= Mats Andersson =

Swedish financier and asset manager

Mats Andersson, born 1954, is a Swedish financier and asset manager. After previous work at Warburg, Deutsche Bank, and Skandia Liv, he assumed the role as CEO for one of Sweden's major pension funds Fjärde AP-fonden (AP4) where he led the work to redirect investments in the energy sector towards fossil free companies within the government directive Fossilfritt Sverige (Fossil Free Sweden) that engages more than 200 companies, municipalities, counties, regions, and other organizations. He also actively collaborated with the United Nations to raise awareness of the risks climate change brings, from a finance and investment perspective.
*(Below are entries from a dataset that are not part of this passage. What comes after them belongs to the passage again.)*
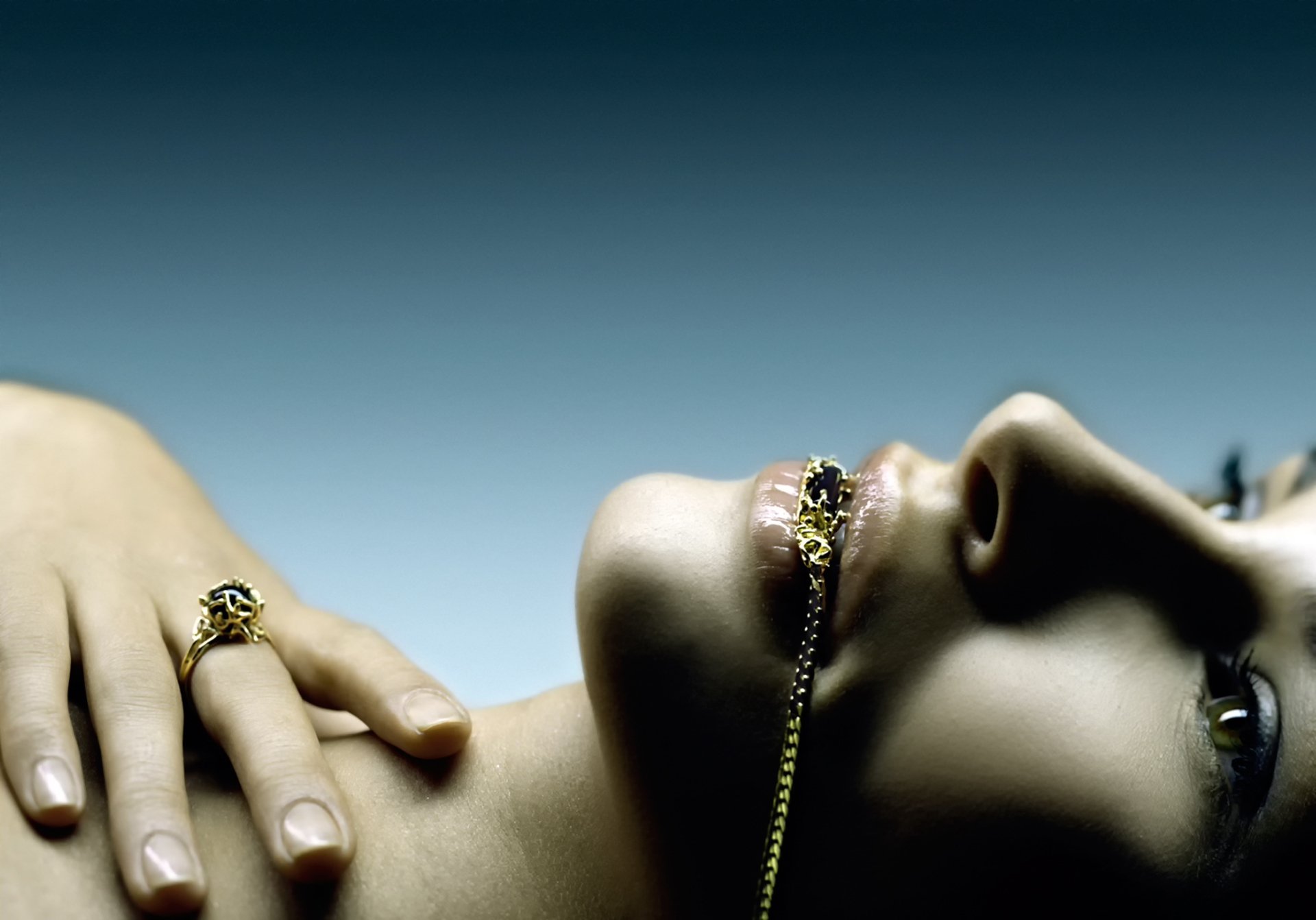 Fille avec des ornements sur fond bleu - fond d'écran de téléphone
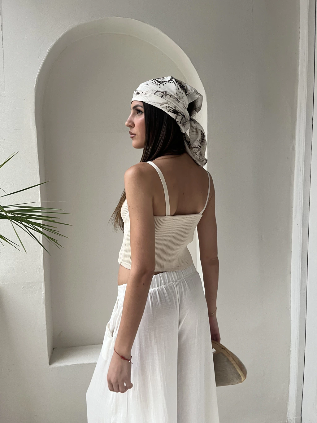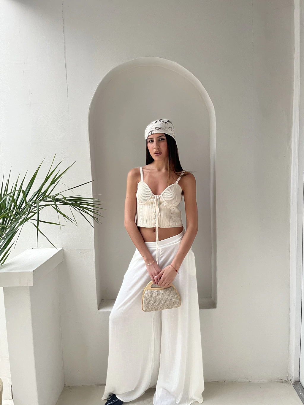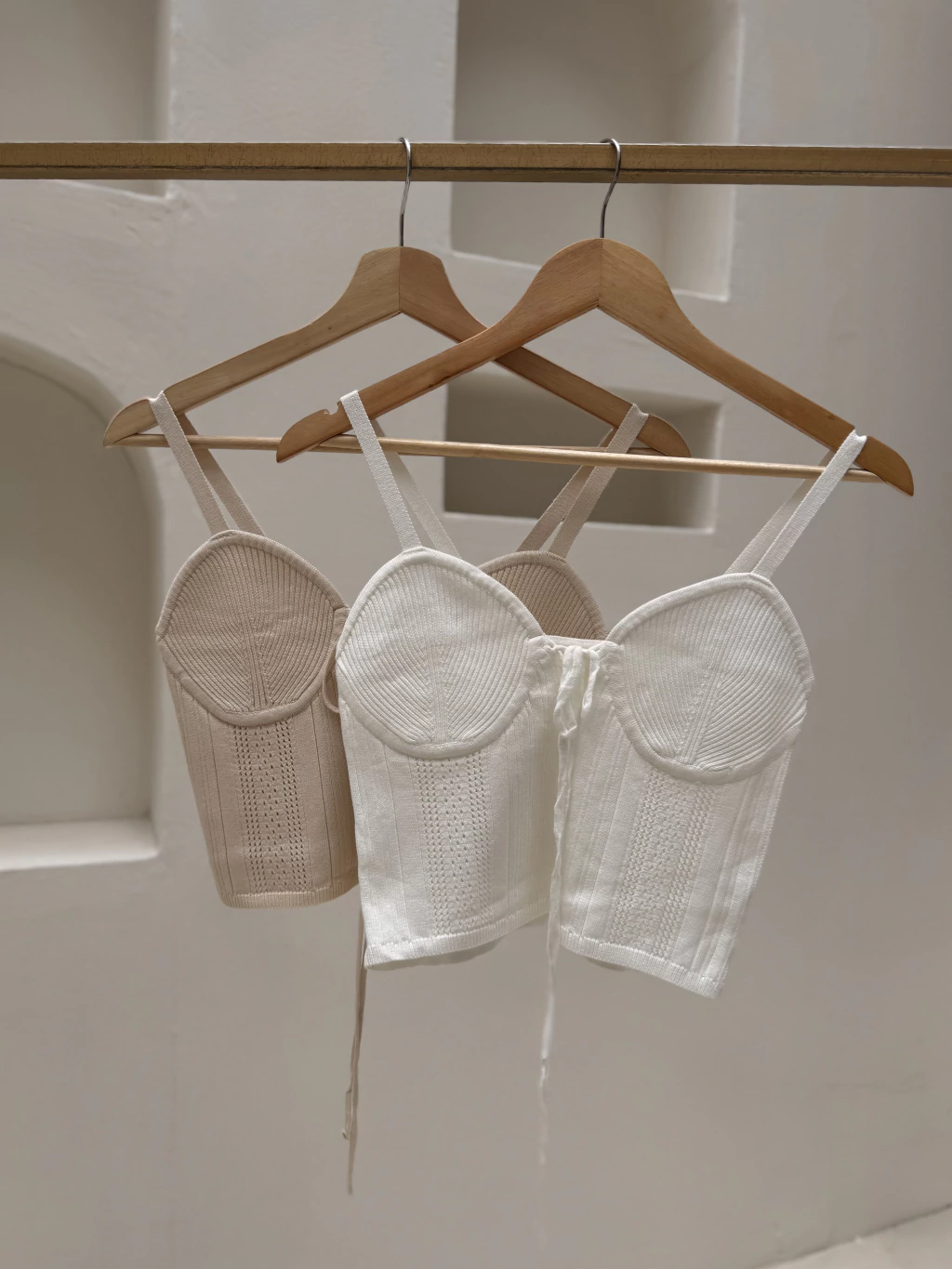 Top de hilo con diseño tipo corset que enmarca la cintura y realza el busto. Suave al tacto y con estructura sutil, aporta un look elegante y femenino sin perder comodidad.
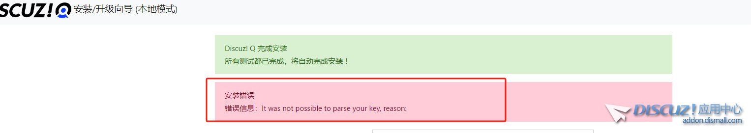 數(shù)據(jù)信息填寫(xiě)后無(wú)法下一步顯示錯(cuò)誤:安裝錯(cuò)誤錯(cuò)誤信息:It was not possible to parse your key, reason: 查看全文
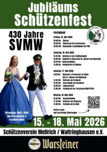 « Alle Veranstaltungen Schützenfest 2026 Mai 15 - Mai 18 Zum Kalender hinzufügen Google Kalender iCalendar Outlook 365 Outlook Live Details Beginn: Mai 15 Ende: Mai 18
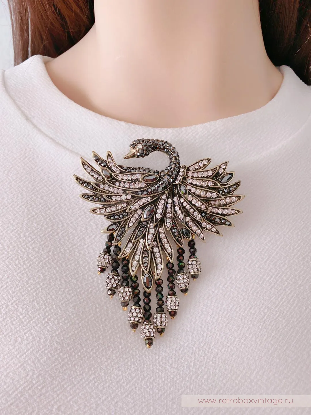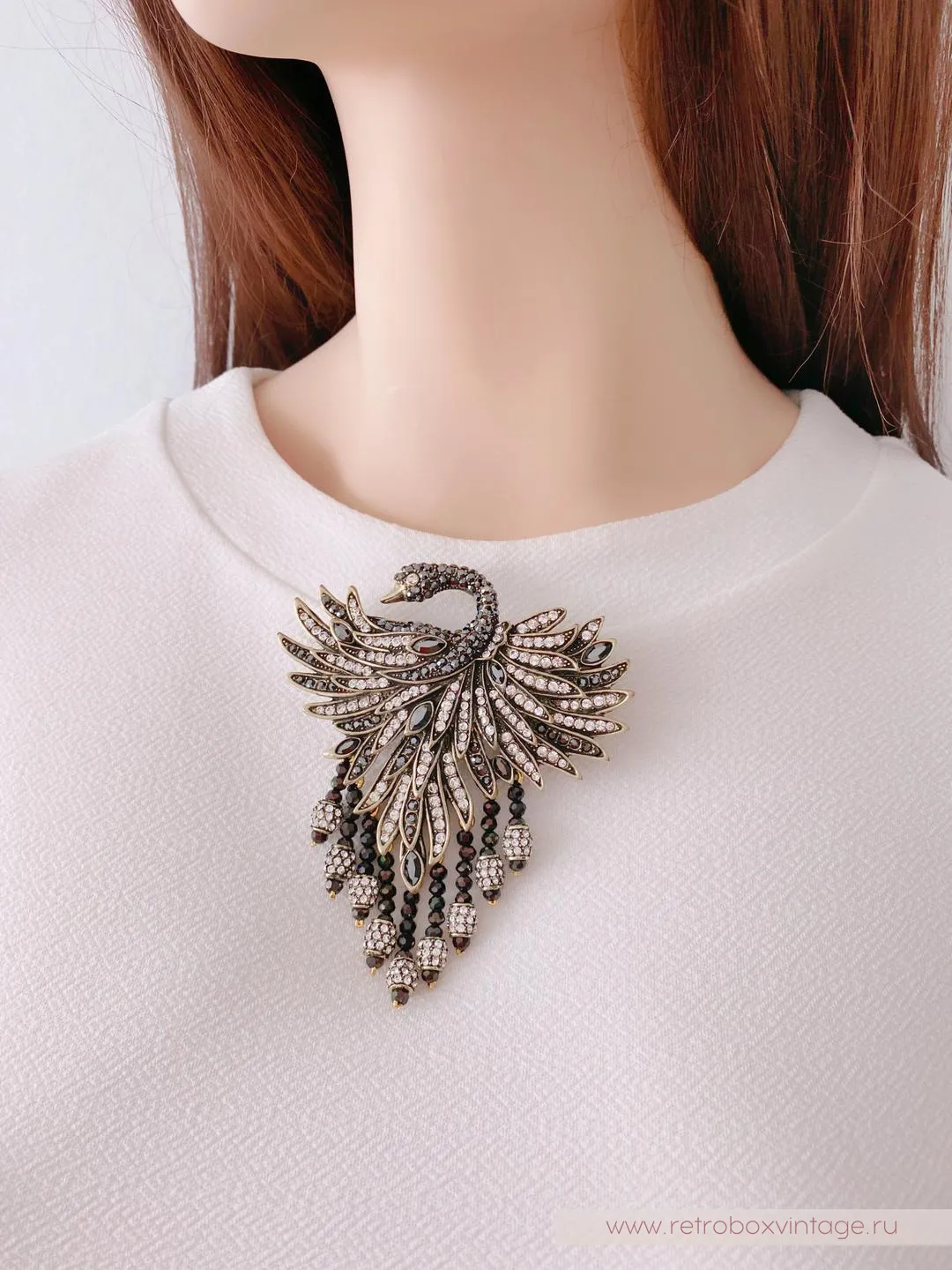 Это очень редкое украшение во всех смыслах этого слова. Каждая деталь завораживает, пробуждает самые яркие эмоции, которые сложно выразить словами. Сотни дымчатых и чёрных кристаллов в оперении птицы дарят вспышки искр.Эта брошь способна подарить ощущением собственной исключительности, о чем вам красноречиво поведают взгляды окружающих....
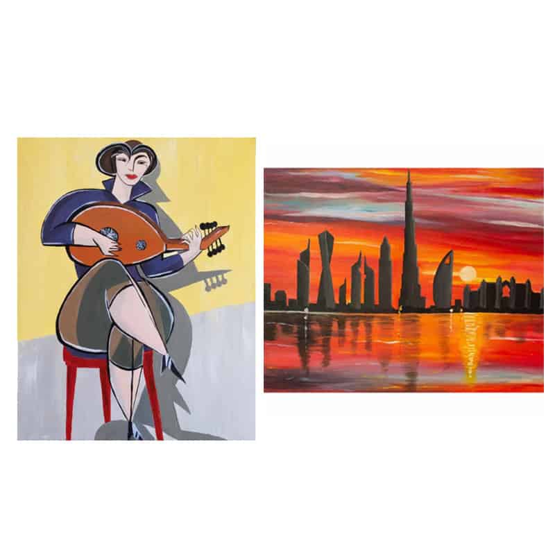 - NOTE: For this Paint & Grape, you have the option of choosing between two painting options: Dubai Skyline OR Music Player. Choose your preferred painting before check out.
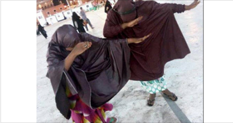This picture which is currently trending socila media..It shows two Nigerian ladies showcasing their dabbing skills while on pilgrimage to Mecca, Saudi Arabia.
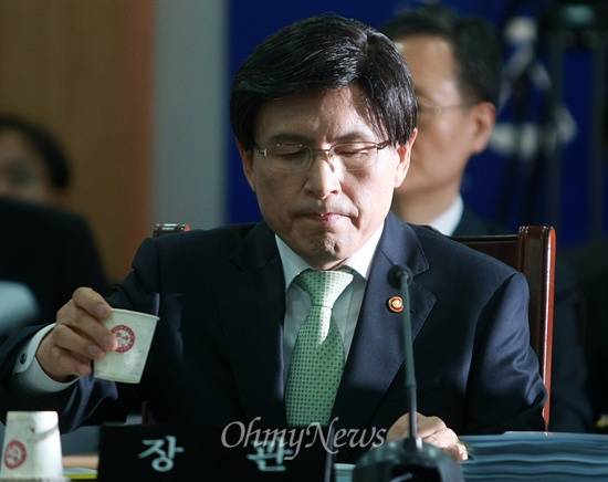 | ▲ 물 마시는 황교안 법무장관 2013년 10월 17일 법무부에서 열린 국회 법사위 국정감사에서 황교안 법무부장관이 물을 마시고 있다. |
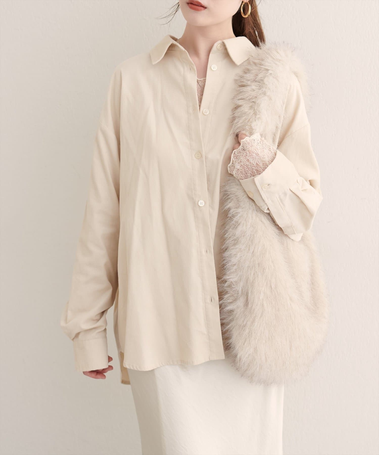 手触りの良いフェイクファーは、上品な光沢と柔らかな風合いが魅力。カジュアルスタイルにはもちろん、
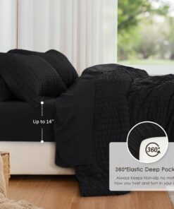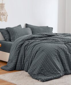 Love’s cabin Black Seersucker Comforter Set 5/7 Pieces Bed In A Bag
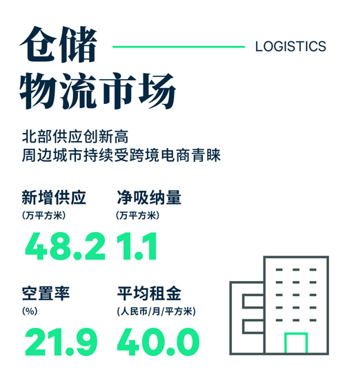 2023年第一季度,廣州迎來供應(yīng)高峰,而需求仍在逐步恢復(fù)中。三個(gè)項(xiàng)目共48.2萬平方米的高標(biāo)倉庫落成,是有記錄以來供應(yīng)最多的季度。新落成項(xiàng)目均位于廣州北部的花都區(qū)和從化區(qū),其中花都區(qū)供應(yīng)達(dá)到41.4萬平方米,占全部新增供應(yīng)的86%。需求方面,季內(nèi)錄得第三方物流的擴(kuò)張,但租賃市場(chǎng)活躍度仍有待提升。盡管國內(nèi)零售市場(chǎng)重啟,但出口表現(xiàn)仍未理想,1-2月以人民幣計(jì)價(jià)的商品出口總值同比下降20.6%,影響了與出口相關(guān)的倉儲(chǔ)需求。因此,全市高標(biāo)倉空置率仍持續(xù)攀升,環(huán)比上升12個(gè)百分點(diǎn)至季末的21.9%。但就區(qū)域而言,黃埔區(qū)錄得最為顯著的空置改善,空置率環(huán)比下降4.6個(gè)百分點(diǎn)至季末的8.8%。租金方面,空置壓力較大的廣州北部,以及受出口放緩影響的南沙,均有項(xiàng)目下調(diào)租金報(bào)價(jià)。全市租金受此影響,環(huán)比下降0.6%至季末的每月每平方米40.0元。

Andersson was a driving force behind the project Portfolio Decarbonization Coalition (PDC) that was founded and co-financed by AP4 along with United Nations Environment Programme Finance Initiative (UNEP FI), Amundi, and the Carbon Disclosure Project (CDP). The initiative was implemented by Andersson by having AP4 significantly reduce or let go entirely of held shares in American companies with a large carbon footprint, combined with a strategy for investments on emerging markets in companies with a small footprint.

Andersson was awarded the Chief Investment Officer's Lifetime Achievement Award in 2016. In 2015 he was ranked fifth on the Financial News "100 Most Influential List" in the pension fund category, and the same year fourth on the Sovereign Wealth Fund Institutes "Public Investor 100" list.

He left AP4 in March 2016 to, among other things, act as Vice Chairman of the Global Challenges Foundation with special focus on global governance and global catastrophic risks. In December 2016 he was appointed Royal Commissioner by the Swedish government to "map how the market for green bonds can be promoted.